Task details: From the entries below, reproduce exactly the line containing "为进一步优化医院人员队伍结构", the line containing "aesthetic,masterpiece,flowing,pool of liquid,overflowing,made", and every line in between, with nothing added.

Input material:
↓

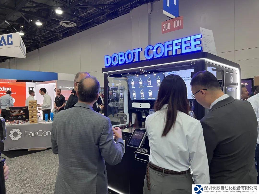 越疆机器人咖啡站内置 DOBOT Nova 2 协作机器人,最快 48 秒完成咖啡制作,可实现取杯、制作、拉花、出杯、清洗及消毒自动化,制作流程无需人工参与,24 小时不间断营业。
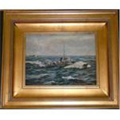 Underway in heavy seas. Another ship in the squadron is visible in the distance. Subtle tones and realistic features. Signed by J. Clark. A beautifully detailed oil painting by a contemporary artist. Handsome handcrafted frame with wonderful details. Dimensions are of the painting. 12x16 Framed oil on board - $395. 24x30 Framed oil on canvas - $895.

↑
↓

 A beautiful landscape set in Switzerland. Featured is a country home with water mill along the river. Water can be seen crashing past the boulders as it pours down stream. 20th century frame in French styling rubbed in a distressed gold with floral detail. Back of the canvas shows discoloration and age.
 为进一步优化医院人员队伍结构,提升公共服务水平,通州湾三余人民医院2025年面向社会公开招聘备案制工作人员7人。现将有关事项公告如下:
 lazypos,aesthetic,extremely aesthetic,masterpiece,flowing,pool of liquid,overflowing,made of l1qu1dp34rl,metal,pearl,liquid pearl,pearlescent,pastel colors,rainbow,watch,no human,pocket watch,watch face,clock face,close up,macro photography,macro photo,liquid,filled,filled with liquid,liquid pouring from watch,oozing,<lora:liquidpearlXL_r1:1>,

↑

Task output:
 为进一步优化医院人员队伍结构,提升公共服务水平,通州湾三余人民医院2025年面向社会公开招聘备案制工作人员7人。现将有关事项公告如下:
 lazypos,aesthetic,extremely aesthetic,masterpiece,flowing,pool of liquid,overflowing,made of l1qu1dp34rl,metal,pearl,liquid pearl,pearlescent,pastel colors,rainbow,watch,no human,pocket watch,watch face,clock face,close up,macro photography,macro photo,liquid,filled,filled with liquid,liquid pouring from watch,oozing,<lora:liquidpearlXL_r1:1>,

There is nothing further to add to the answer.